Carmel Cadet: So I had the experience of working in business for a few years as an investor in “big business”. But it’s very different to be the founder and a startup in the market. Part of it is, of course, learning how an investor thinks, and I think VC in general is different than a loan from the bank or an angel investment, even friends and family. It’s very different. If you are lucky enough to have a family member to invest or have enough funds to do so, sometimes they just assume they are giving you money and you are going to lose it. They just trust you and they love you. [But venture capitalists] expect you to deliver… and that’s the name of the game.

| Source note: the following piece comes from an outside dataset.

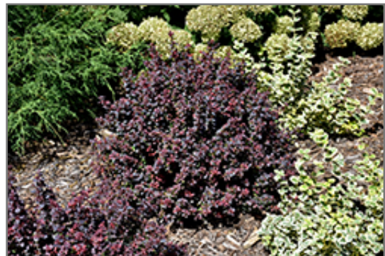
Sunjoy Todo Japanese Barberry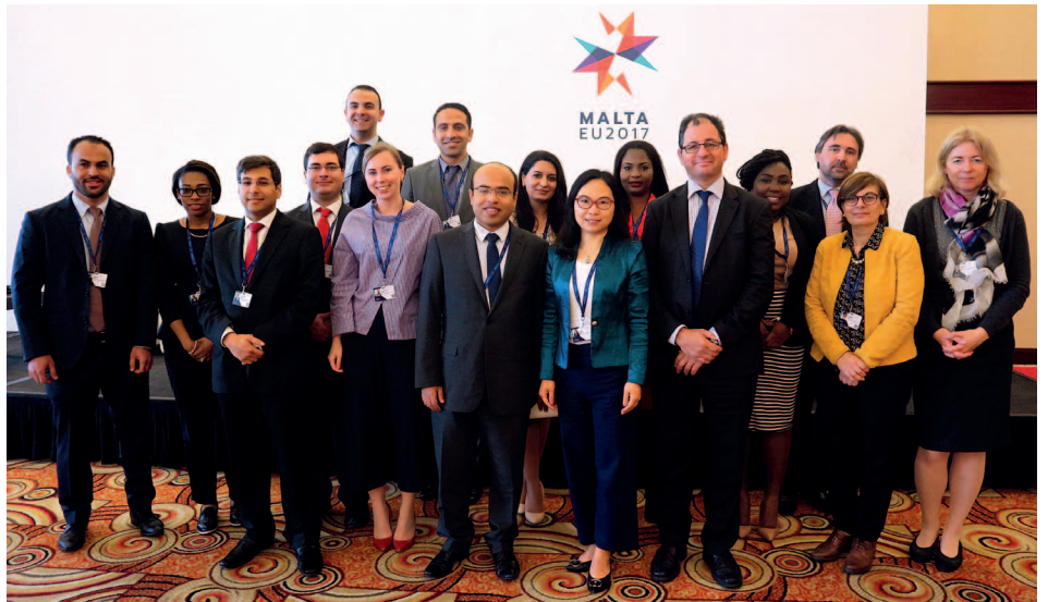
MEDAC Academic Staff alongside MEDAC students at the EUGS Conference during the Maltese Presidency.

It took me a while to understand this new world. I was lucky enough to start the business. It was a one-woman show at first, and I convinced my husband to also take half of our 401K and said, “Trust me, honey. I’ll find a way for us to fill the gap.” gap here.” And finally, I did this… I was lucky enough to find an acceleration program and [our] first investor, who was a black investor at 500 and got us into the accelerator… It opened my eyes to the power of networks. For me, going through experience, as soon as someone says “yes”, they can open new doors. And taking advantage of that and understanding the rules of the game is important. There are a lot of ideas, and I realize that VCs get so much that in order for you to stand out and for you to ask for the time to explain what the idea is, you need to have something compelling that’s going to answer in certain boxes.